Hi! I'm Jeffrey Mei, an applied scientist at SiriusXM/Pandora.

My current work is in using transformers and self-attention to develop better recommender models for music personalization. Previously, I worked on incorporating style into next-item recommendations at Wayfair, and my PhD research focused on investigating sea ice deformation using computer vision and deep learning techniques with remote-sensing data. The unifying theme of both my academic and industry research is in improving interpretability of "black-box" deep learning models, along with a passion for elegant data visualization.

Portfolio

My doctoral thesis research with my PhD supervisor, Dr.

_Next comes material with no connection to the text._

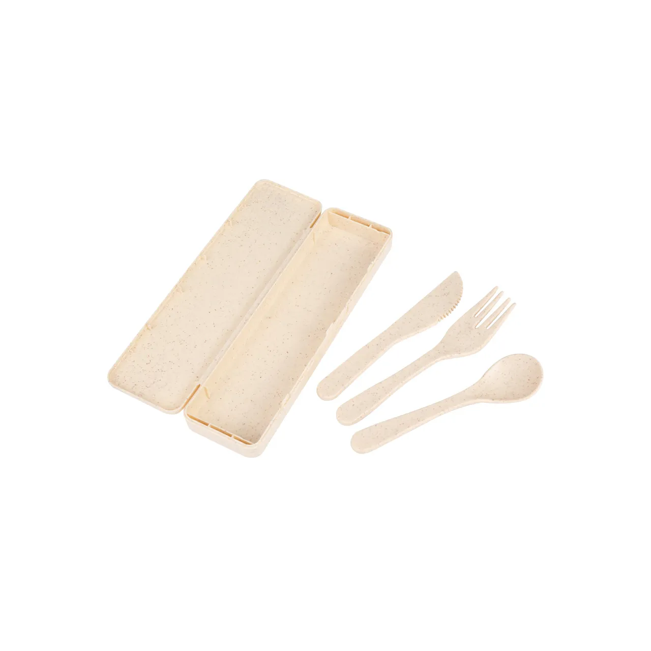 Set de 3 cubiertos en Estuche, fabricados en PP y Wheat Straw, pasta de caña (paja) de trigo, un material sustentable que reduce la huella de Carbono en nuestro planeta. Producto libre de BPA. Presentación en estuche del mismo material PP y Wheat Straw. Cubiertos: Cuchillo, Tenedor, Cuchara.
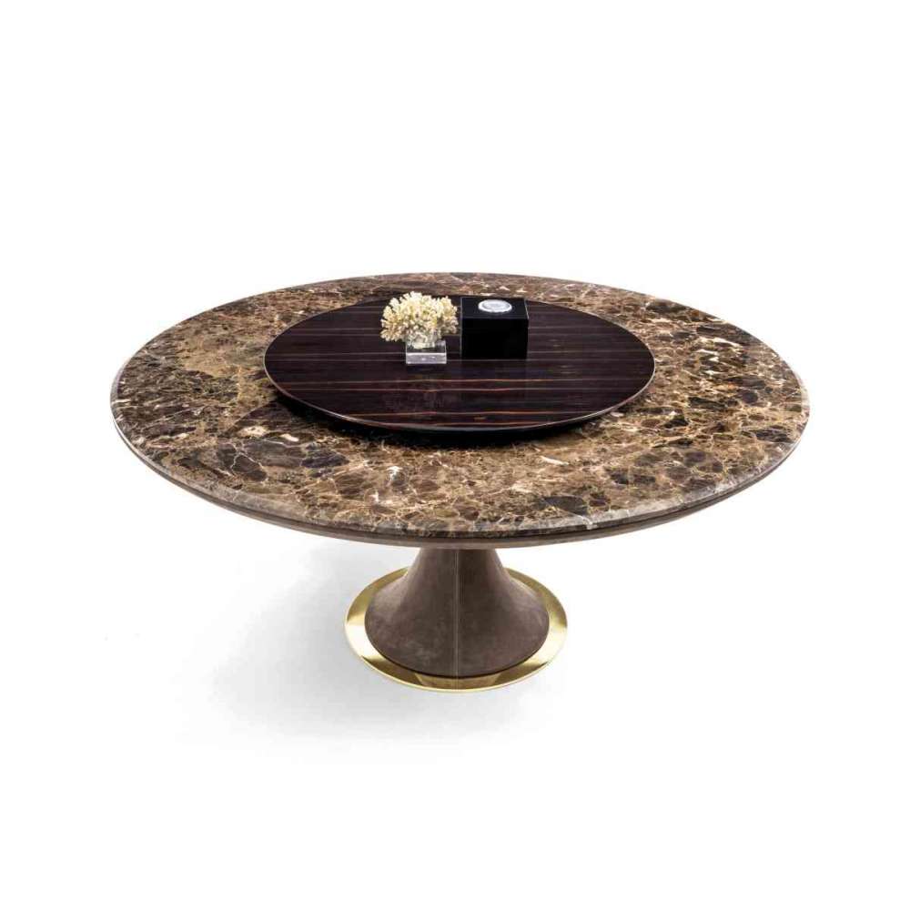 Okrągły stół wykonany z włókna szklanego w kształcie hiperboloidy, z wewnętrzną strukturą z malowanego metalu, pokryty skórą z gamy z metalową płytą podstawy w wykończeniach: jasne jasne złoto, matowe szampańskie złoto, jasny chrom, jasny czarny chrom, matowa satyna brązowy. Górne wykończenia: malowany czarny kryształ 10 mm z fazowaniem, brąz lub przydymione lustro 5 mm z fazowaniem, marmur o grubości 20 mm, z fazą 20 mm w: Marmur Gwatemala Zielony, Marmur Corteccia, Marmur Port Saint Laurent, Marmur Red Levanto, Marmur Bardiglio Nuvolato , Elegancki brązowy marmur, marmur Shale Rosewood, marmur Emperador Dark, marmur Silver Wave, marmur Agatha Black, marmur Frappuccino, marmur Calacatta Gold. Podeszwa pokryta skórą z serii, skoordynowana z podstawą. Obrotowa taca do postawienia na blacie jest dostępna w wykończeniach: drewno lakierowane błyszczące w gamie kolorystycznej, heban błyszczący/matowy, orzech Canaletto błyszczący/matowy, Sucupira Luxury błyszczący, orzech orzechowy błyszczący, marmur w tych samych wersjach co blat szczyt.

Ted Maksym (WHOI) involved quantifying sea ice thickness, which cannot be easily measured by satellites, using lidar-measured surface elevation. I improved current statistical methods of inferring sea ice thickness by using deep learning techniques, such as convolutional neural networks, to distinguish different surface topographies (example) and to relate the surface texture to the local sea ice thickness. I also worked with computer vision techniques, such as delineating sea ice floes in satellite imagery using OpenCV (example), or classifying sea ice topographies based on their textures.

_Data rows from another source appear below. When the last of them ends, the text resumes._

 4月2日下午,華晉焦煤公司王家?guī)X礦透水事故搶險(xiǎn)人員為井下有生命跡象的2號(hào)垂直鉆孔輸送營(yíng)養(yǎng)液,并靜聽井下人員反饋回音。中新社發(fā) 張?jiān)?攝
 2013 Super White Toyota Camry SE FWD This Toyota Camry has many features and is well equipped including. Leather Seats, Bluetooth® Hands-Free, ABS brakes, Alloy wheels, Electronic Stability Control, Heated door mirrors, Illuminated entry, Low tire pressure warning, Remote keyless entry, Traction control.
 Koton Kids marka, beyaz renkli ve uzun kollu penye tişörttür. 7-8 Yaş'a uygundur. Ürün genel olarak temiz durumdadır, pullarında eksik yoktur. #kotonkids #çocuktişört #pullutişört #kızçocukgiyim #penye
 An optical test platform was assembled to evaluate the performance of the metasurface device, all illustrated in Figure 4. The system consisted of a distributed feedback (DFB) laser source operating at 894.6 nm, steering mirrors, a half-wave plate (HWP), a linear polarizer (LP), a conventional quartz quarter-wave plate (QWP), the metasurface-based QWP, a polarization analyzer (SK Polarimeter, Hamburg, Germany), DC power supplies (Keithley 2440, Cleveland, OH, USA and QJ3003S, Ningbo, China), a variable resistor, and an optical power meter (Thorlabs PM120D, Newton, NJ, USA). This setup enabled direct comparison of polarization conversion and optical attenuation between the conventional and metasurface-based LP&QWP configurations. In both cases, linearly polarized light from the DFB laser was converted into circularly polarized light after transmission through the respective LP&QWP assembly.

In 2017, I took part in the PIPERS expedition to the Ross Sea during Antarctic winter to collect snow depth and sea ice thickness data (example). This work was ultimately published in a journal article.

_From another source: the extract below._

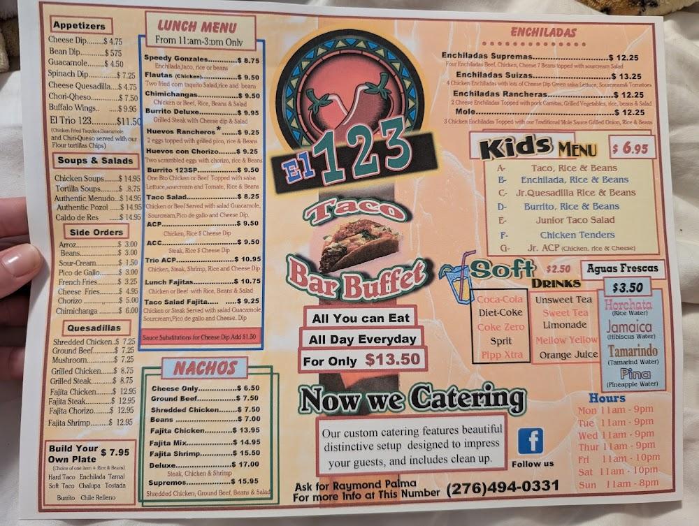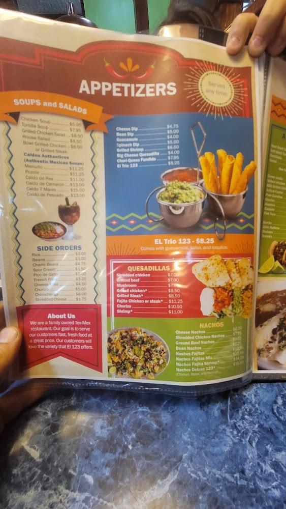 El 123 Tex-Mex presents a diverse menu featuring a wide selection of Tex-Mex dishes. The Taco Bar is a highlight, allowing diners to craft their unique meals with a variety of ingredients. Sizzling fajitas and cheesy enchiladas offer comforting options for larger appetites. Vegetarian menus cater to those seeking plant-based delights, ensuring no one leaves hungry. The children's menu is thoughtful, featuring smaller portions that appeal to younger diners. Don’t miss the house-made sauces and the fresh salads that accompany many meals, enhancing the Tex-Mex experience. Desserts complete the meal, offering a sweet ending to unforgettable flavors. The reasonable price range between $10 to $20 allows everyone to explore various dishes.
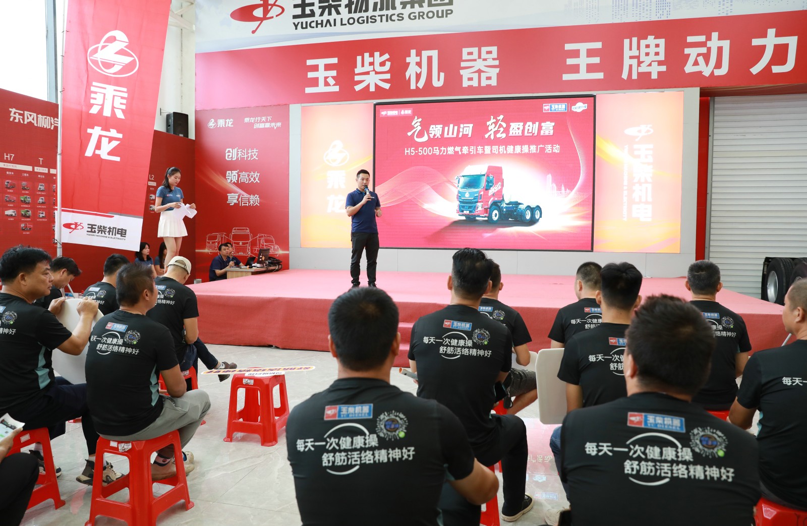 玉柴物流集團聯合品牌公關部開展乘龍H5-500燃氣牽引車推廣暨司機健康操推廣活動

In the past, I worked on localizing glacial calving by using numerical methods and signal processing with local seismic data. In 2015, I conducted field work in Sermilik Fjord, Greenland to collect oceanographic and seismic data near Helheim Glacier, which was eventually published.

Random side projects I have done include simulating the sea ice ridging process using an open-source particle simulator (LIGGGHTS); I have also been compiling various scripts useful for handling cryoscience data that I have developed during my PhD into a set of open-source tools (cryo-toolbox).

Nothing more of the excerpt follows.